■ **Given material**:
++++++++

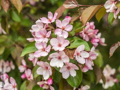 Obraz premium Fresh pink flowers of a blossoming apple tree with blured background
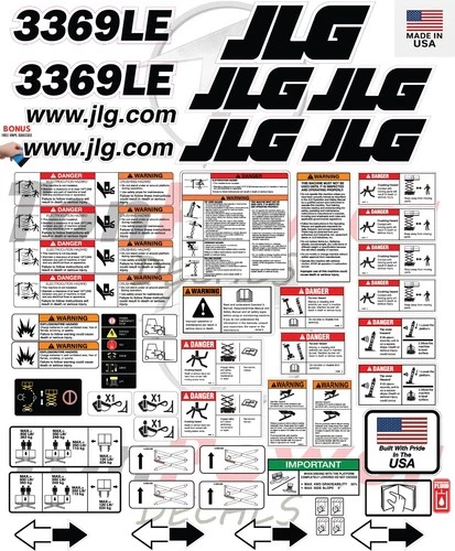 This aftermarket JLG scissor lift sticker and decal kit is designed to fit JLG 3369LE scissor lift equipment and is manufactured to meet high-quality standards for durability, clarity, and long-term performance. These aftermarket JLG stickers and decals are ideal for replacing worn, damaged, or missing safety, warning, and identification decals commonly exposed to harsh jobsite conditions in lifting and access operations.
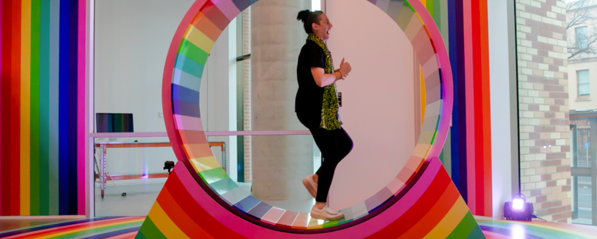 Many of the installations in MENTAL: Colours of Wellbeing encourage interaction, allowing visitors to become part of the works themselves. Key examples include an enormous rainbow-shaped ‘hamster’ wheel titled Wheel (2021), a collaboration between renowned artist Hiromi Tango and researcher, Dr Emma Burrows from the Florey Institute of Neuroscience and Mental Health. This work examines how colour, playful spaces and exercise can influence mood, as well as how social rewards affect one’s commitment to exercise. A giant, brightly coloured wheel and wheelchair-accessible exercise machine are connected to a collective trip odometer that counts the distance clocked by visitors over the exhibition run. Viewers can also join the action online by watching a livestream of participants’ hands or feet and cheering them on from the sidelines through a ‘like’ button. Ultimately, the installation explores the commitment to staying motivated through this ‘mood medicine’.
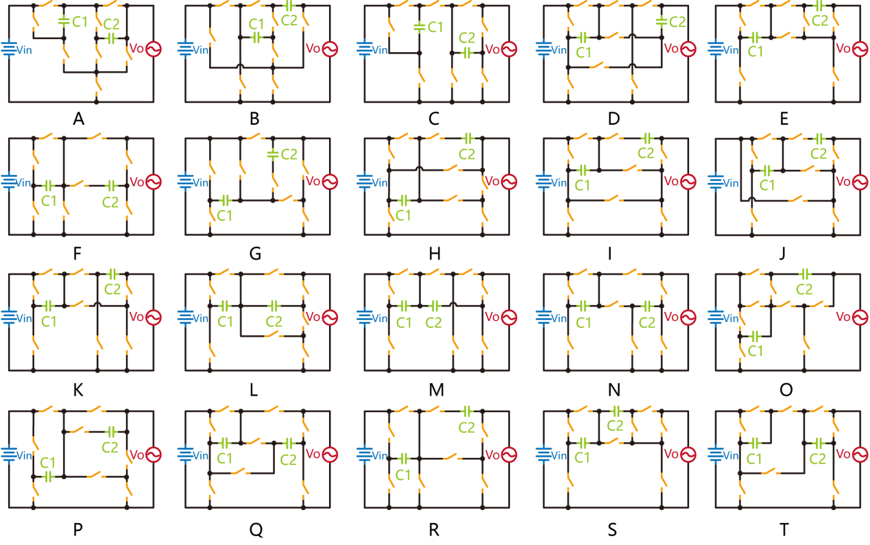 图2推导出的20种拓扑结构(其中A,B,C为新提出的拓扑)

++++++++

■ **What you have to do**:
Please reproduce each line of the listing above exactly, skipping pictures.

■ **Response**:
 Obraz premium Fresh pink flowers of a blossoming apple tree with blured background
 This aftermarket JLG scissor lift sticker and decal kit is designed to fit JLG 3369LE scissor lift equipment and is manufactured to meet high-quality standards for durability, clarity, and long-term performance. These aftermarket JLG stickers and decals are ideal for replacing worn, damaged, or missing safety, warning, and identification decals commonly exposed to harsh jobsite conditions in lifting and access operations.
 Many of the installations in MENTAL: Colours of Wellbeing encourage interaction, allowing visitors to become part of the works themselves. Key examples include an enormous rainbow-shaped ‘hamster’ wheel titled Wheel (2021), a collaboration between renowned artist Hiromi Tango and researcher, Dr Emma Burrows from the Florey Institute of Neuroscience and Mental Health. This work examines how colour, playful spaces and exercise can influence mood, as well as how social rewards affect one’s commitment to exercise. A giant, brightly coloured wheel and wheelchair-accessible exercise machine are connected to a collective trip odometer that counts the distance clocked by visitors over the exhibition run. Viewers can also join the action online by watching a livestream of participants’ hands or feet and cheering them on from the sidelines through a ‘like’ button. Ultimately, the installation explores the commitment to staying motivated through this ‘mood medicine’.
 图2推导出的20种拓扑结构(其中A,B,C为新提出的拓扑)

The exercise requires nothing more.